* Available records

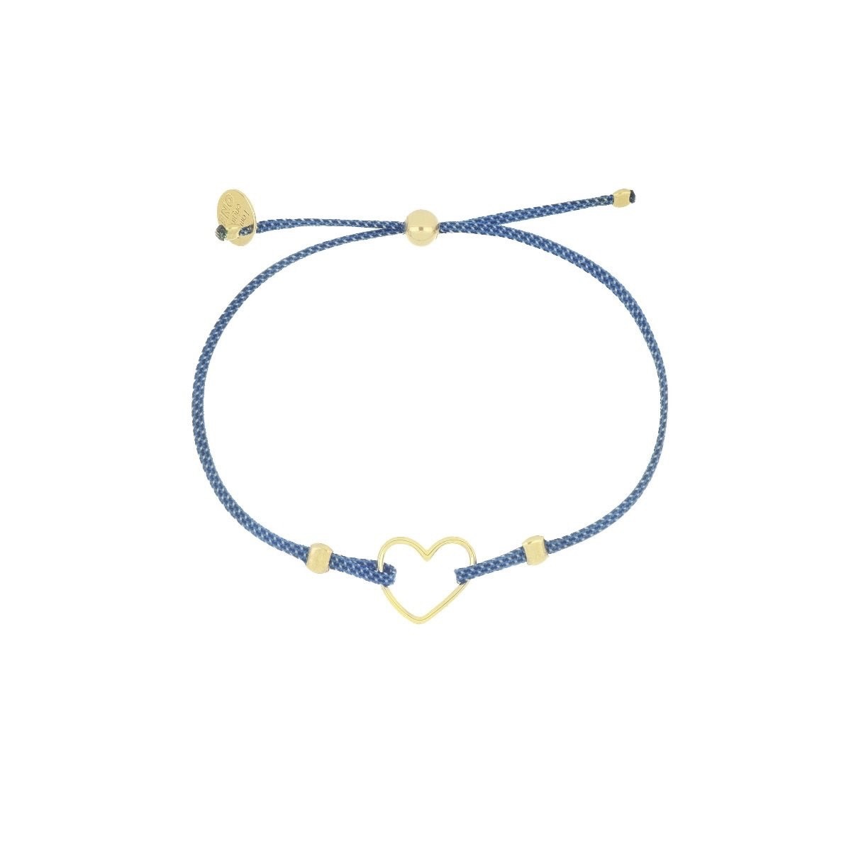 Bracciale di filo di nylon blue jeans con cuore traforato realizzata in argento 925 placcato in oro giallo ad alto spessore ed alta resistenza.
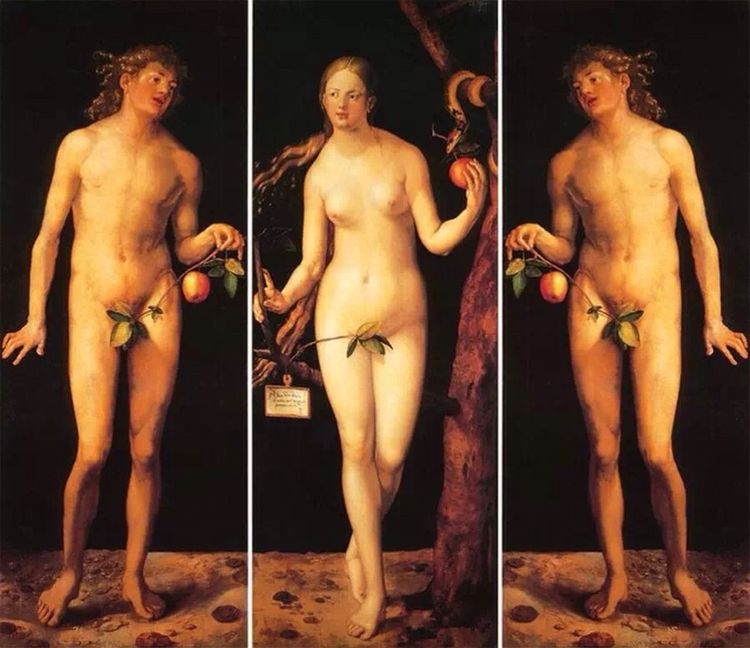 亚当与夏娃 1507年 丢勒 德国 209cm×81cm(左) 209cm×83cm(右) 板 油彩 马德里 普拉多博物馆藏
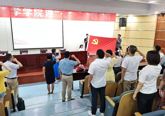 为进一步强化理想信念教育,全体党员师生在院长姜红的带领下,举行了新发展党员入党宣誓,老党员重温入党誓词的仪式。
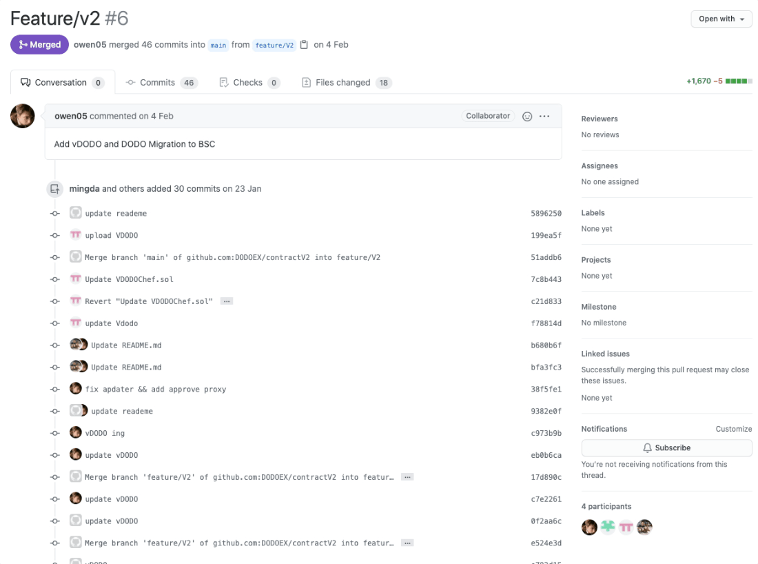 도도코인(DODO) 개발 현황을 한번 살펴보도록 하겠습니다. 도도코인 깃허브 프로젝트는 아래 링크에서 확인할 수 있습니다.
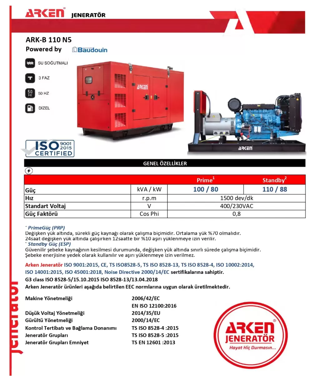 Arken Jeneratör, ISO 8528, ISO 3046 spesifikasyonlarını karşılayan sadece ağır hizmet tipi, düşük yakıt sarfiyatlı, hassas hız ayarı ve regülasyonu sağlayan yakıt pompasına monteli mekanik veya elektronik tip governörlü, dizel soğutma tipine göre yağ, hava veya su soğutmalı, dizelin uzun ömürlü veya yüksek performanslı çalışmasını sağlayan ağır çalışma şartlarına göre dizayn edilmiş yağ, yakıt ve hava filtre sistemi, dizel korumaları için gerekli sınır ve seviye sensörlerine sahip, 4 zamanlı, direk enjeksiyonlu endüstriyel tip dizel motorlar kullanılmaktadır. Dizel motor, güvenli bir şekilde çalışması için gerekli olan tüm donanımlarla birlikte verilmiştir. Piyasalarda sadece Standby çalşıma için dizayn edilmiş motorlar üretim portföyünde yer almamaktadır
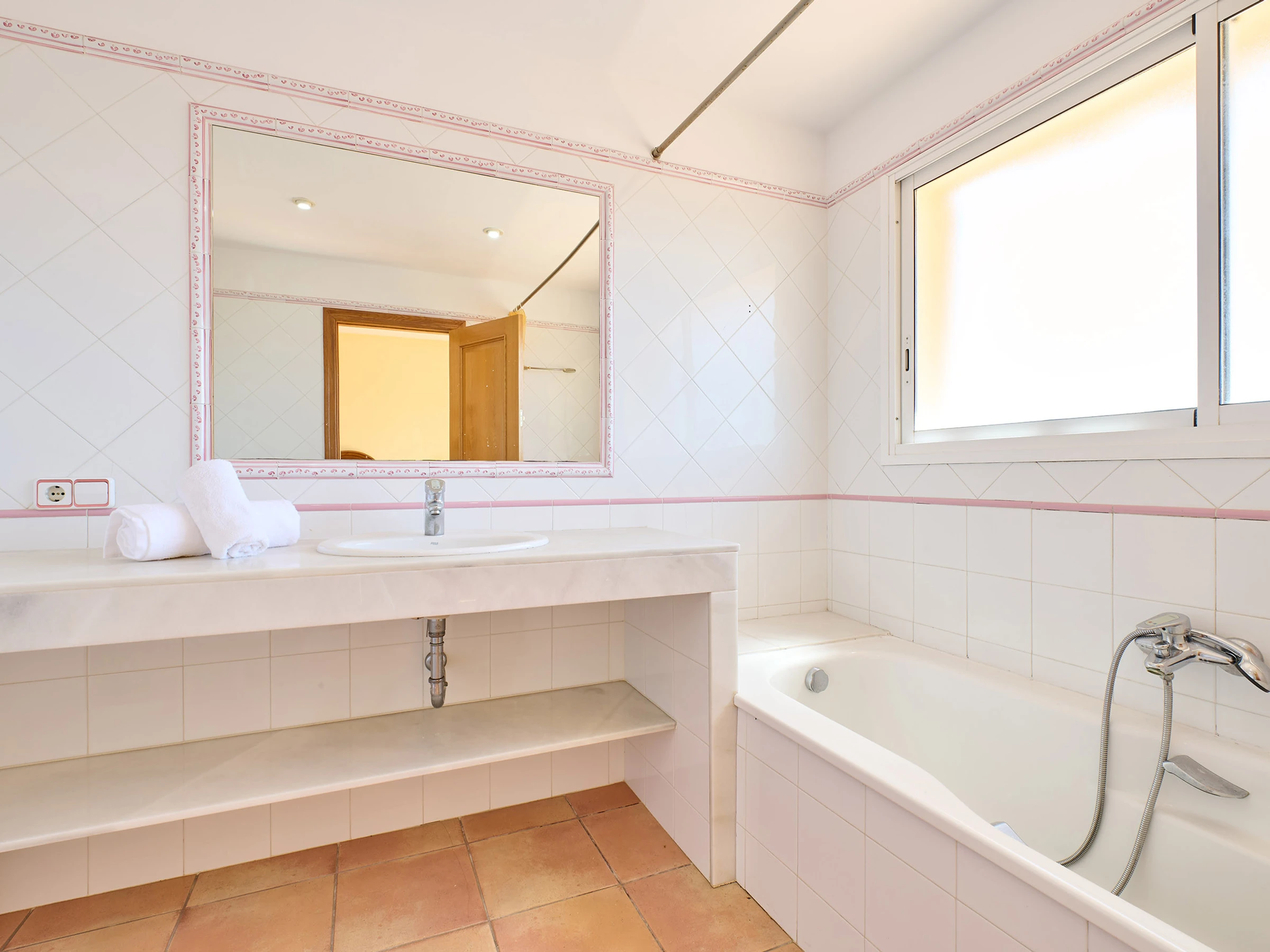 The house is divided into 2 floors. On the upper floor there are 3 double bedrooms: one with a double bed (suite with bathtub), and the other two with 2 single beds in each one. Bathroom with a shower.

* What you are asked to do
With the pictures omitted, the records above are to be repeated exactly.

* Task output
 Bracciale di filo di nylon blue jeans con cuore traforato realizzata in argento 925 placcato in oro giallo ad alto spessore ed alta resistenza.
 亚当与夏娃 1507年 丢勒 德国 209cm×81cm(左) 209cm×83cm(右) 板 油彩 马德里 普拉多博物馆藏
 为进一步强化理想信念教育,全体党员师生在院长姜红的带领下,举行了新发展党员入党宣誓,老党员重温入党誓词的仪式。
 도도코인(DODO) 개발 현황을 한번 살펴보도록 하겠습니다. 도도코인 깃허브 프로젝트는 아래 링크에서 확인할 수 있습니다.
 Arken Jeneratör, ISO 8528, ISO 3046 spesifikasyonlarını karşılayan sadece ağır hizmet tipi, düşük yakıt sarfiyatlı, hassas hız ayarı ve regülasyonu sağlayan yakıt pompasına monteli mekanik veya elektronik tip governörlü, dizel soğutma tipine göre yağ, hava veya su soğutmalı, dizelin uzun ömürlü veya yüksek performanslı çalışmasını sağlayan ağır çalışma şartlarına göre dizayn edilmiş yağ, yakıt ve hava filtre sistemi, dizel korumaları için gerekli sınır ve seviye sensörlerine sahip, 4 zamanlı, direk enjeksiyonlu endüstriyel tip dizel motorlar kullanılmaktadır. Dizel motor, güvenli bir şekilde çalışması için gerekli olan tüm donanımlarla birlikte verilmiştir. Piyasalarda sadece Standby çalşıma için dizayn edilmiş motorlar üretim portföyünde yer almamaktadır
 The house is divided into 2 floors. On the upper floor there are 3 double bedrooms: one with a double bed (suite with bathtub), and the other two with 2 single beds in each one. Bathroom with a shower.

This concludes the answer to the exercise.